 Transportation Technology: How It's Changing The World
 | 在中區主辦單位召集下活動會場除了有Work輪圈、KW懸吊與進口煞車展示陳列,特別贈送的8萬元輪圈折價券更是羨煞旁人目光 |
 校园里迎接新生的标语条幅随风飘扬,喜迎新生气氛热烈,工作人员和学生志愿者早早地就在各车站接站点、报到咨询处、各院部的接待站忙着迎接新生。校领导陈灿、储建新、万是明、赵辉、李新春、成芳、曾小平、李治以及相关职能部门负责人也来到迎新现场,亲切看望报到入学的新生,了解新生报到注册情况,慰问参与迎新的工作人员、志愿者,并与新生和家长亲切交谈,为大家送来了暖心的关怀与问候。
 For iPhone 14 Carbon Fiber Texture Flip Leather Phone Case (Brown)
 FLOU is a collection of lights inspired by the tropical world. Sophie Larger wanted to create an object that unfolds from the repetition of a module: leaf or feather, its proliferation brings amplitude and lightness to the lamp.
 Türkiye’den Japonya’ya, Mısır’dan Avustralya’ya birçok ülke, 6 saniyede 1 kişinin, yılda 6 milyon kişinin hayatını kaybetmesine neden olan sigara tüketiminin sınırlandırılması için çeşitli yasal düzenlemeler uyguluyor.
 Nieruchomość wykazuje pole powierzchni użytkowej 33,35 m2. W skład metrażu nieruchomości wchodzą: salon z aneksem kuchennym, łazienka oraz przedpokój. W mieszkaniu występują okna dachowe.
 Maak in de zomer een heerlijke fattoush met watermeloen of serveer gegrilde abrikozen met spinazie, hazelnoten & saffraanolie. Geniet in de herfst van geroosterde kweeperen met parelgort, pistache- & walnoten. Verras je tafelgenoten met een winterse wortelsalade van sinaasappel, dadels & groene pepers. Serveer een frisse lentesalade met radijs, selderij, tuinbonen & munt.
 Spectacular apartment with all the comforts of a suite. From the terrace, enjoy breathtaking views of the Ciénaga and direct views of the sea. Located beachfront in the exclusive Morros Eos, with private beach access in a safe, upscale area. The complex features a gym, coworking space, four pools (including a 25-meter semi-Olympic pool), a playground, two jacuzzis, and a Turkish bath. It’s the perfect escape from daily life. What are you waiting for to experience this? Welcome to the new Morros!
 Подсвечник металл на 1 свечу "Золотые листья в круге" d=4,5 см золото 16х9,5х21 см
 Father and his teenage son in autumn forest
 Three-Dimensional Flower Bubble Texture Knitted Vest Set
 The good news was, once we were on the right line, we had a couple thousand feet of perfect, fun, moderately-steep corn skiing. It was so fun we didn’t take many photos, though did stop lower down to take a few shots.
━━━━━━━━━━━━━━━━━━━━━━━━━━━━━━
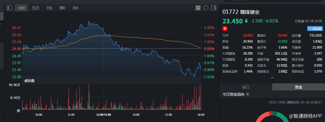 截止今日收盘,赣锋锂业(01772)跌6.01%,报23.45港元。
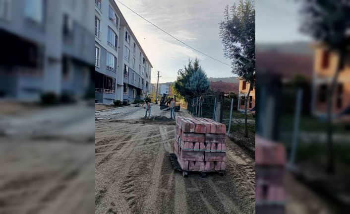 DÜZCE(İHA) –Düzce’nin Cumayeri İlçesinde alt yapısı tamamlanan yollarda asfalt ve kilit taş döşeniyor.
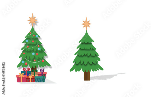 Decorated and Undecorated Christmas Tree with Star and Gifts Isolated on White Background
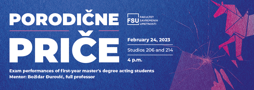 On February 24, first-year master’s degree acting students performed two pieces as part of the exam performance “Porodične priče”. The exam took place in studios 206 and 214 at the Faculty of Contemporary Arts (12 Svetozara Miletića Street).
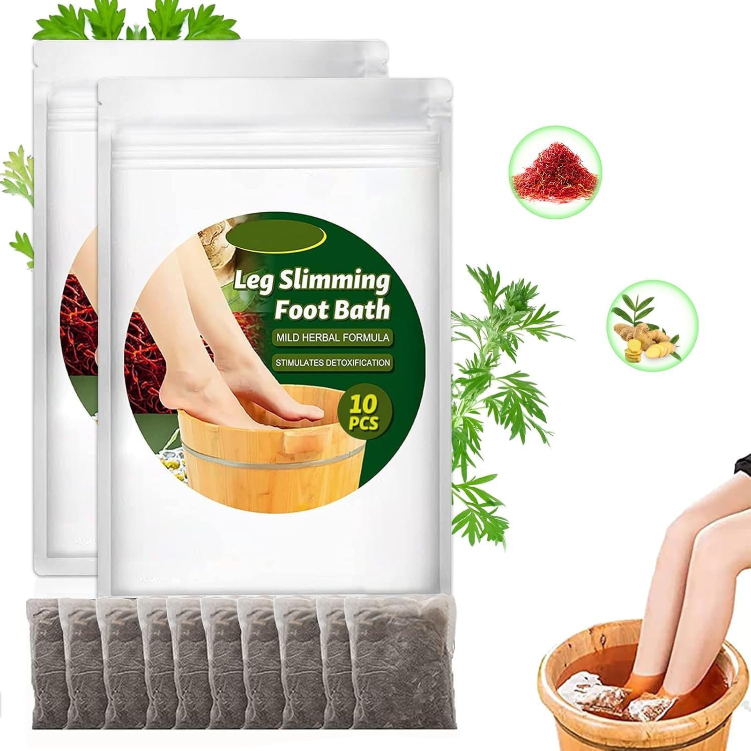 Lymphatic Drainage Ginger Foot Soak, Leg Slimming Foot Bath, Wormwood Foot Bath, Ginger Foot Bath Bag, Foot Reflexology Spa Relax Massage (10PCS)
━━━━━━━━━━━━━━━━━━━━━━━━━━━━━━
_TASK BRIEF:_ The output is the stretch above from the line with "Decorated and Undecorated" through the line with "Lymphatic Drainage Ginger", copied word for word with both ends kept and every picture dropped.

_EXPECTED ANSWER:_
 Decorated and Undecorated Christmas Tree with Star and Gifts Isolated on White Background
 On February 24, first-year master’s degree acting students performed two pieces as part of the exam performance “Porodične priče”. The exam took place in studios 206 and 214 at the Faculty of Contemporary Arts (12 Svetozara Miletića Street).
 Lymphatic Drainage Ginger Foot Soak, Leg Slimming Foot Bath, Wormwood Foot Bath, Ginger Foot Bath Bag, Foot Reflexology Spa Relax Massage (10PCS)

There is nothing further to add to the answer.